Most AMAZING live experience evAR. I was totally rocked. Had the most PERFECT view of the band, good company with interesting and unique people from all over the world. WOW. Good times. 

DH took a TON of pictures, so as soon as I can get the correct card reader for it I will post them up!

Oh yeah, the night ended with me having to perform a field sobriety test on the side of the road in front of a million people exiting the venue. Thanks Mr. asswipe CO trooper for wasting BOTH of our time and tainting my NIN experience. (after all the tests he STILL thought he saw "signs of intoxication" so I took a breath test and blew a 0.00) It's called being TIRED on the side of a MOUNTAIN from ROCKING YOUR ASS OFF at a show you've been looking forward to ALL YEAR. Reason for pulling me over? I had my brights on and I had no idea. SORRY!

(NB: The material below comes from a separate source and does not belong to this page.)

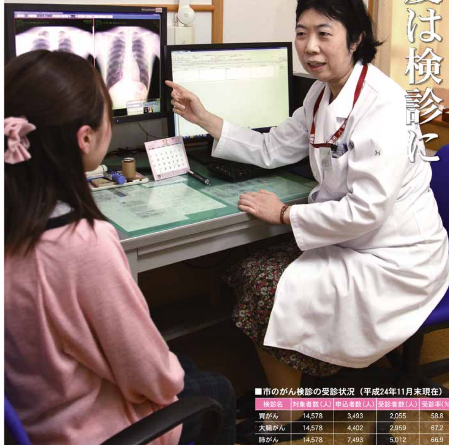
■市のがん検診の受診状況(平成24年11月末現在)

Ok rant over, yummy Trent pictures to come as soon as I can get them off the cam!!


----------



## concertina (Sep 3, 2008)

Yay for yummy pictures!!! BOO to the state trooper!


----------



## SoupyGeorge (Sep 3, 2008)

I was there last night!!!!!  BLAST my not being able to go online before the show!  I went straight from school to the show.  And I live in Aurora, so we didn't get home for a while, and I had to go to school this morning.....SO TIRED RIGHT NOW

Sucked cause I had the most INSANE headache the whole show....Did get some free red-bull from the bar man though!

By the way, NICE SEATS!  I was row 41, seat 12.......Next to a crazy drunk girl that was grinding ALL UP ON the row during 'I wanna f*** you like an animal'.  SUPER AWKWARD


----------